New Raleigh neighborhoods won’t get individual mailboxes

07/21/2014 4:23 PM

07/21/2014 4:24 PM

At the model home for the newest neighborhood inside the Beltline, an ornate black mailbox sits atop a post at the curb.

But homebuyers in the Oakwood North subdivision won’t be getting one of their own. After developers started work on the community, the U.S. Postal Service pulled the plug on what’s been a standard amenity: curbside mail delivery.

In Raleigh, according to city planning administrator Travis Crane, “the post office doesn’t permit individual mailboxes anymore for new residential developments.”

That means owners of the $350,000 homes at Oakwood North will get their mail the same way apartment dwellers do: by walking or driving to a mail kiosk at the entrance to the neighborhood.

It’s the latest cost-cutting measure for the cash-strapped Postal Service. “There is significant cost savings in initiating all new delivery addresses with an efficient delivery method,” Postal Service spokeswoman Monica Coachman said.

Coachman says no estimates are available yet for the savings, but cluster mailboxes represent a “substantial cost difference” from curbside delivery – which is cheaper than front-door delivery common at older homes.

The “default mode” of delivery in new neighborhoods throughout North Carolina will now be cluster mailboxes.
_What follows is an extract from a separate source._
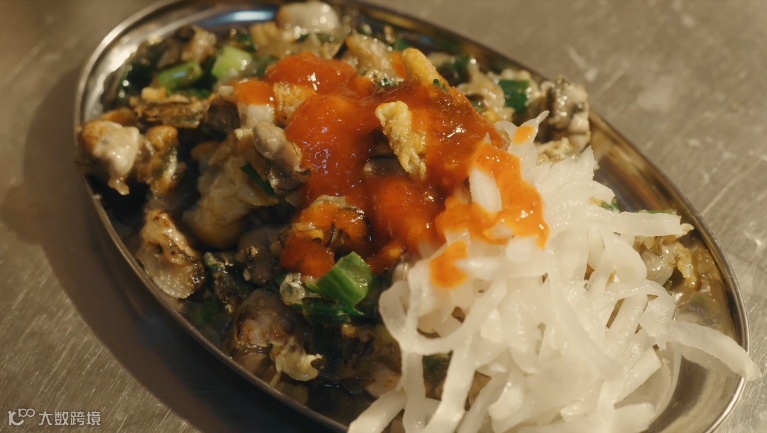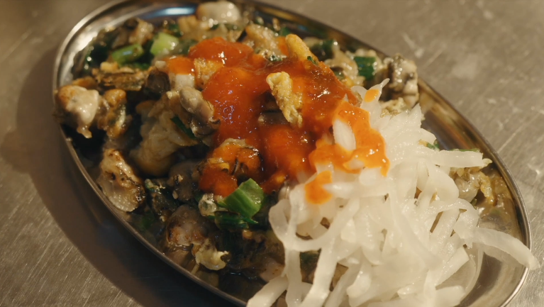 The Dongshi-style version stir-fries oysters with sweet potato starch and garlic chives, then scrambles in eggs. Served with sweet chili sauce and pickled radish, it's famous for its briny juiciness, crispy chives, and rich, savory-sweet balance.

The change doesn’t apply to existing homes. “When notified of plans to construct new residences, the Postal Service will review the area in question and make a decision based on what is efficient and appropriate for that area,” Coachman said.

KB Homes, which is building Oakwood North, has already notified homebuyers and prospective homebuyers, spokeswoman Cara Kane said. “We continue to still have a very positive response in our Oakwood North community with great sales since opening earlier this year,” she wrote in an email.

But while the first house in Oakwood North is nearly complete, the cluster mailboxes haven’t been installed yet. Oakwood North and two other neighborhoods had to obtain a special permit from the Raleigh City Council on Tuesday to install the boxes next to the street.

“This is a rather new thing we’re trying to navigate,” Crane said, adding that future developers will need to make room on their property for mailboxes.

At Oakwood North and another subdivision that secured mailbox permits this week – Wimbledon off Falls of Neuse Road – no residents moved in before the mail delivery change was announced.

In Cary, however, new homeowners waited for weeks to get their first mail. It never came, and their subdivision didn’t have cluster mailboxes. They’ve been driving up to 20 minutes to pick up mail from a post office.